G3C.pl -s LIST_GROUPSIM - g LIST_Duplicate [-u / -d]

The LIST_GROUPSIM file should contain the folowing data: GO class name and the GROUPSIM filename for a specific similarity value, as indicated here:

P    GROUPSIM_0.5_SSM.txt
F    GROUPSIM_0.3_SSM.txt
C    GROUPSIM_0.6_SSM.txt

This software will generate two flat files, one with statistics about the results and the results for each species.

STAT file has the following name structure:

STAT_cocannot_coloc_clusters_SIMvalues_x.xx.txt (where SIM values are the group similarity values for each class used during the analysis).

This file contain the following information for each species:

  • how and when you get this results
  • number of annotated genes and the number of associated GO terms for each species, class and chromosome
  • number of 1-n similarities for each class and specie
  • number of coannotated genes for each GROUP_SIM, chromosome and species.
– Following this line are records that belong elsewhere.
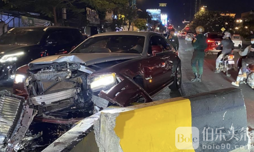 伯乐头条专讯:柬埔寨金边市隆边区1月11日晚间发生一起引发关注的豪车交通事故,一辆由中国籍男子驾驶的劳斯莱斯轿车在深夜高速行驶途中失控,猛烈撞上道路中央石制隔离护栏,车辆及公共设施均遭到严重损毁。
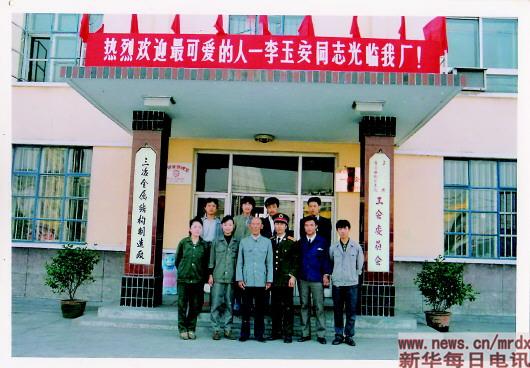 ▲這是李玉安生前到工廠作報告的照片(翻拍照片)。 新華社記者何山攝
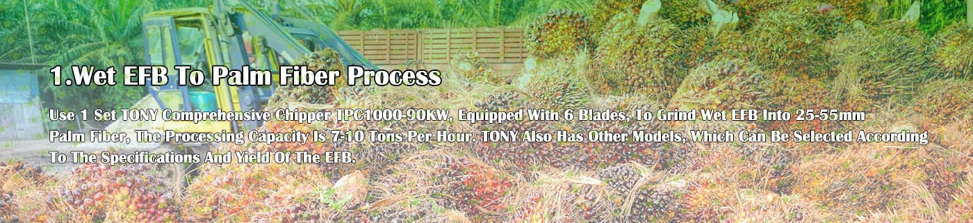 | 1. За смилане на EFB в 25-55 мм палмово влакно. 2.Модел: TPC1000-90KW с 6 Baldes*1set 3.Капацитет: 7-10 тона/час. |
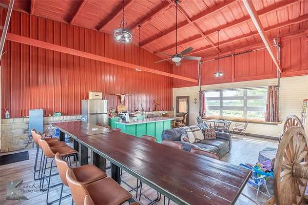 Absolutely stunning escape in the highly desirable Mulberry Canyon! This gorgeous ranch features two separate living quarters, joined by an incredible party room with full kitchen, bar, seating, and some of the best views in Taylor County. This property features three large stock tanks, well water, plenty of tree coverage and tons of wildlife! This truly is the perfect place for quiet and beautiful country living or recreational getaway. All fencing and roads have been very well maintained! This place has no projects needing to be done before it is ready to enjoy!
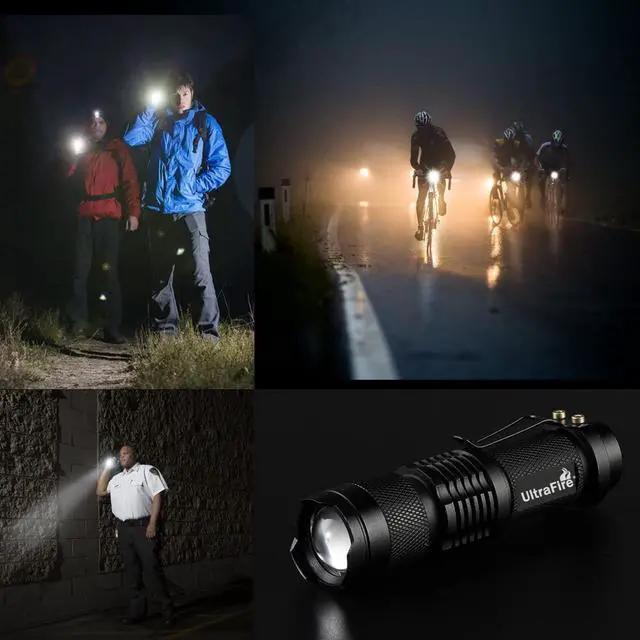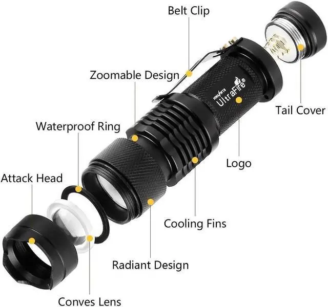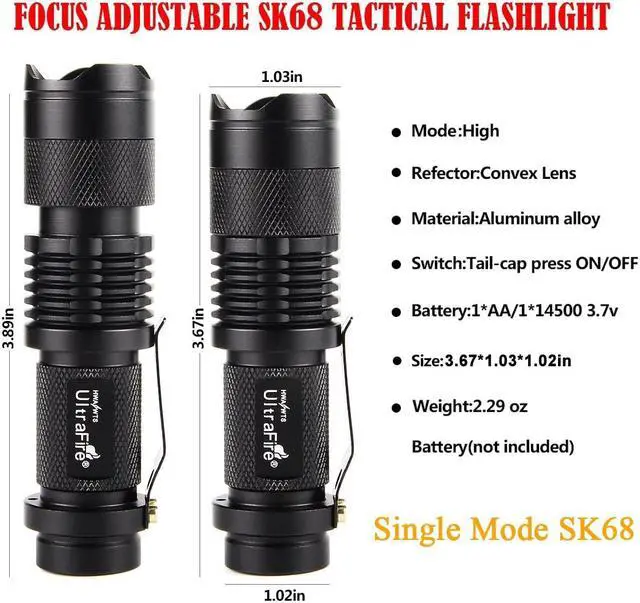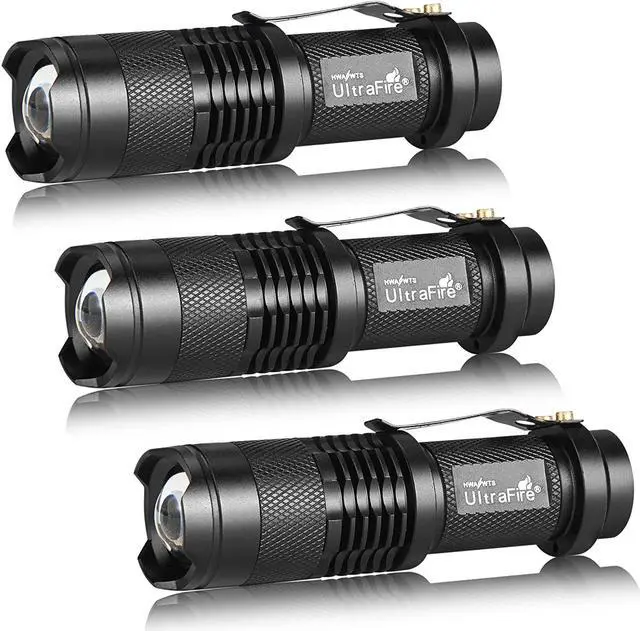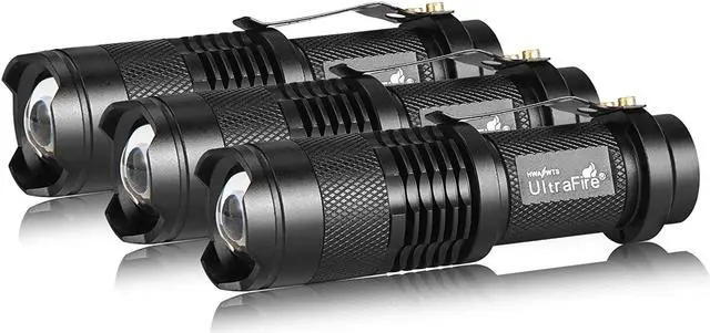 Single mode, 300 Lumens UltraFire SK68, Ultra Bright to light up an entire room. Pack of 3, you will get 1 mode mini flashlights, don't need to cycle the modes. Tough and reliable, IP6-rated water resistant and designed for use in heavy rain Its durable aluminum body and shock-resistance endure rough handling. Compact to fit easily into your pocket wherever you go, and has an anti-slip finish that holds fast in your hand. Features of zoomable.
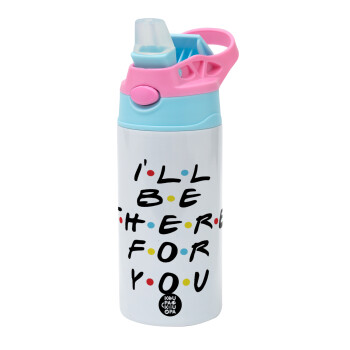 Friends i i'll be there for you, Children's hot water bottle, stainless steel, with safety straw, Pink/BlueCiel (360ml) BPA FREE
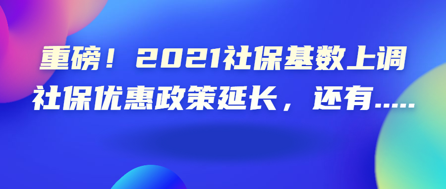 重磅!2021社保基数上调,社保优惠政策延长,还有.....
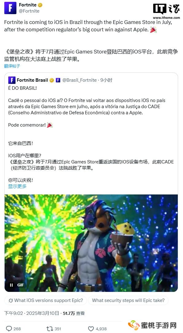 苹果被迫允许侧载后,Epic 宣布《堡垒之夜》将重返巴西 iOS 平台

RESULT files have the following name structure: tag_duplicate_specie_filtered_results_threshold_SIMvalues_x.xx.txt (where SIM values are the group similarity values for each class used during the analysis and x.xx ajdusted p-value threshold).

Results files contain the following information with a header line :

  • species: analyzed specie
  • class: GO class
  • chr: chromosome
  • cluster: unique cluster ID (chromosome_symbol+GroupSIM_ID\start\end)
  • ID_gene: unique gene combination cluster
  • accessor GO: accessing GO for this Group SIM
  • list_GO: list of GO terms used to get these genes (* if not used)
  • list_genes: list of co-annotated genes within the cluster
  • IC: Information Content mean of the Group SIM
  • pvalue: raw p-value
  • adj_pvalue: adjusted Benjamini-Hochberg (1995) p-value
  • start: start of the first gene in the cluster (in bp)
  • percent_dup: percentage of duplicated genes inside cluster
  • prop_dup: proportion of duplicated genes inside cluster (nb_dup // nb_total)
  • length: length of the cluster (in bp)
  • lengthKB: length of the cluster (in Kp)
  • N: nb of genes within a chromosome
  • n: nb of selected genes within a cluster with a common GO term
  • k: nb of genes within a cluster
  • m: nb of genes within a chromosome with a common GO term
  • additional information:
  • (solo co-annoted genes): list of co-annotated genes not in any cluster
  • non co-annoted genes within the cluster: list of these genes

4. Results analyses

Several post-analyses scripts have been developped 1) to get annotations information about selected clusters, 2) to generate some statistics on clusters sizes, duplicated percentage distributions or 3) to compute clusters genes coexpression or clusters colocated inside QTL interval region.

4.1 G3C_Analyse

This script retrieve useful informations for cluster and each co-annotated genes within the cluster by asking with the cluster ID.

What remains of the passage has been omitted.